Inteligencia Artificial sin “Cajas Negras”
A diferencia de usar librerías pre-construidas, este proyecto destaca por la implementación manual de los algoritmos de aprendizaje. Desarrollé una red neuronal funcional utilizando únicamente álgebra lineal y cálculo, aplicada a la clasificación crítica de tumores médicos.
Ingeniería de Software y Machine Learning
- Red Neuronal desde Cero: Programación del algoritmo de Backpropagation y funciones de activación utilizando puramente NumPy, demostrando un dominio profundo de los fundamentos del Deep Learning.
- Entrenamiento Dinámico: El modelo permite ajustar hiperparámetros (learning rate, épocas, neuronas ocultas y funciones de coste) directamente desde la interfaz, permitiendo experimentar con la convergencia del modelo.
- Arquitectura Pythonic: Código limpio y robusto utilizando Type Hinting y el módulo
attrspara una gestión de datos eficiente y profesional. - Multiparadigma: Diseño estructurado combinando Programación Orientada a Objetos (POO) para la arquitectura de la red y Programación Funcional para el procesamiento de datos.

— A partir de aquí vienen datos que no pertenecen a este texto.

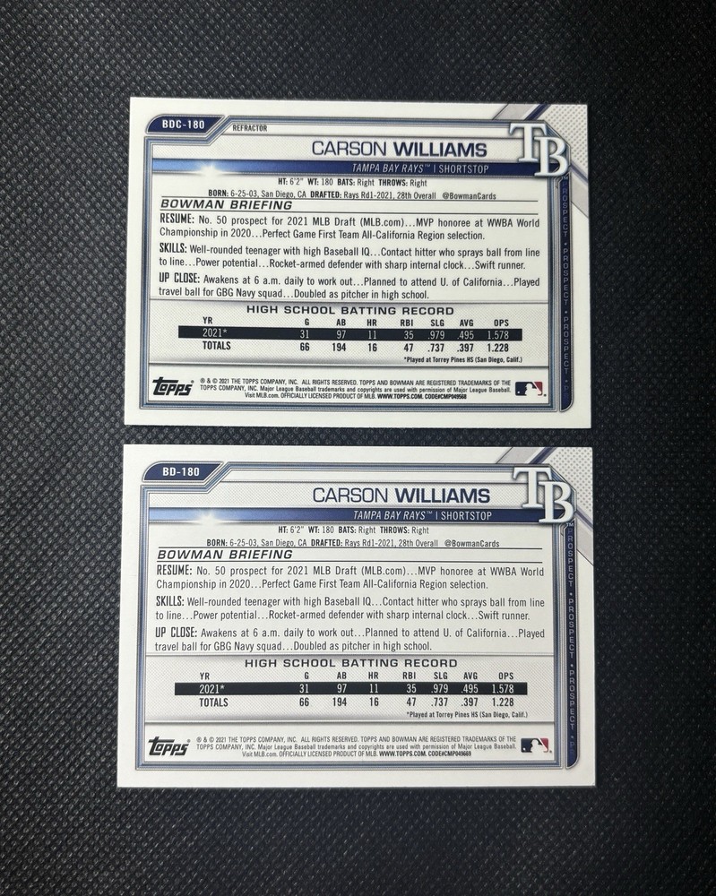 The product is a lot of two 2021 Bowman Carson Williams baseball trading cards. These cards feature a Chrome Refractor and a Sky Blue Parallel, limited to only 499 copies. The cards are standard in size and are part of the Major League Baseball league. They are original prints manufactured by Bowman in the United States, showcasing the rookie player Carson Williams from the Tampa Bay Rays. The cards are made of paper and are in English language, making them a sought-after collectible for baseball fans and trading card enthusiasts.

Visualización y Análisis Científico
- Dashboard de Control: Interfaz gráfica desarrollada con Tkinter que permite realizar Análisis Exploratorio de Datos (EDA) seleccionando variables para identificar correlaciones.
- Monitorización en Tiempo Real: Visualización interactiva de la frontera de decisión y la curva de error durante el entrenamiento mediante la integración de Matplotlib, lo que permite ver cómo la IA “aprende” a separar los datos.
- Dataset de Referencia: Utilización del dataset científico de cáncer de mama de Scikit-learn para validar la precisión del modelo contra estándares de la industria.